Beyond the established parameters like QTc and T-wave morphology, our model identified several high-dimensional features, such as HFQRS and QRSE4, as important discriminators. While these lack direct traditional ECG correlates, their importance can be interpreted within the known pathophysiology of DM. HFQRS are known to reflect the integrity of ventricular depolarization; their reduction is associated with slowed conduction velocity and fragmentation of the electrical wavefront, often caused by myocardial fibrosis or ischemia. QRSE4 similarly captures alterations in the VAT sequence. In the context of DM, chronic hyperglycemia promotes the accumulation of advanced glycation end-products and reactive oxygen species, leading to diffuse interstitial fibrosis and electrical remodeling of the myocardium.

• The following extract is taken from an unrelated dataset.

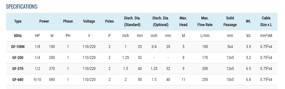 Pompa Showfou seri GF memiliki power: 100, 200, 370, 680Watt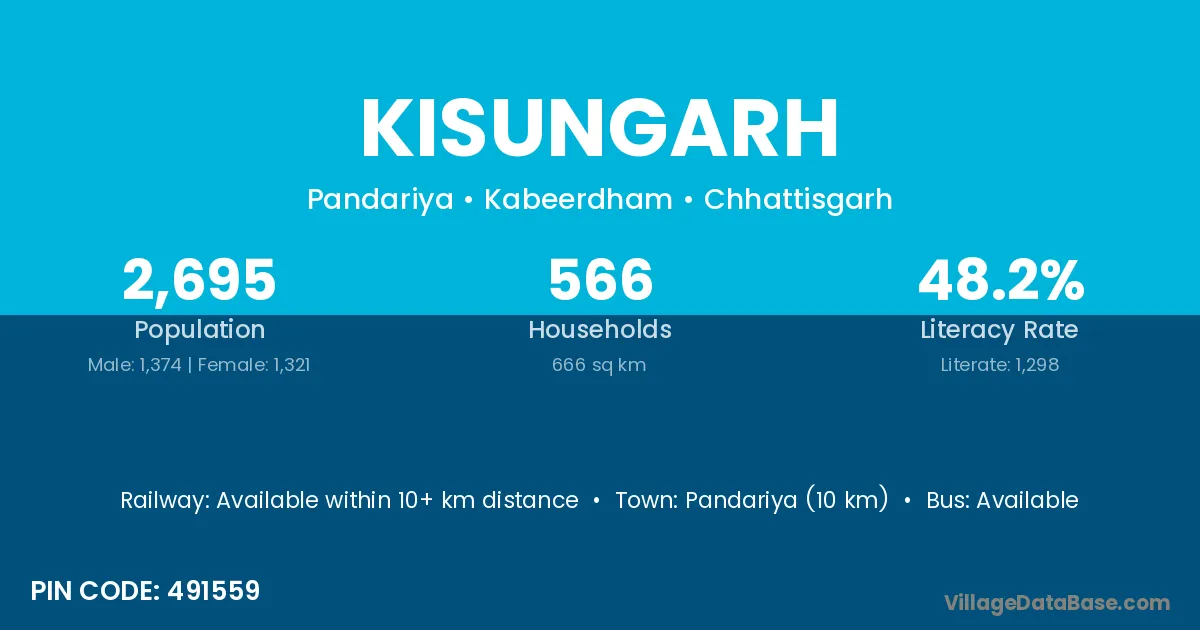 Kawardha (20 km) is the nearest town to Kisungarh village for major economic activities and is located approximately 20 km away.

This subclinical cardiomyopathy manifests as conduction heterogeneity, which ML models can detect as changes in the high-frequency energy and complexity of the QRS complex. Thus, the prominence of HFQRS and QRSE4 in our models provides a plausible, data-driven link to the fibrotic and conductive tissue changes that constitute the diabetic heart’s electrophysiological substrate, often preceding overt systolic dysfunction.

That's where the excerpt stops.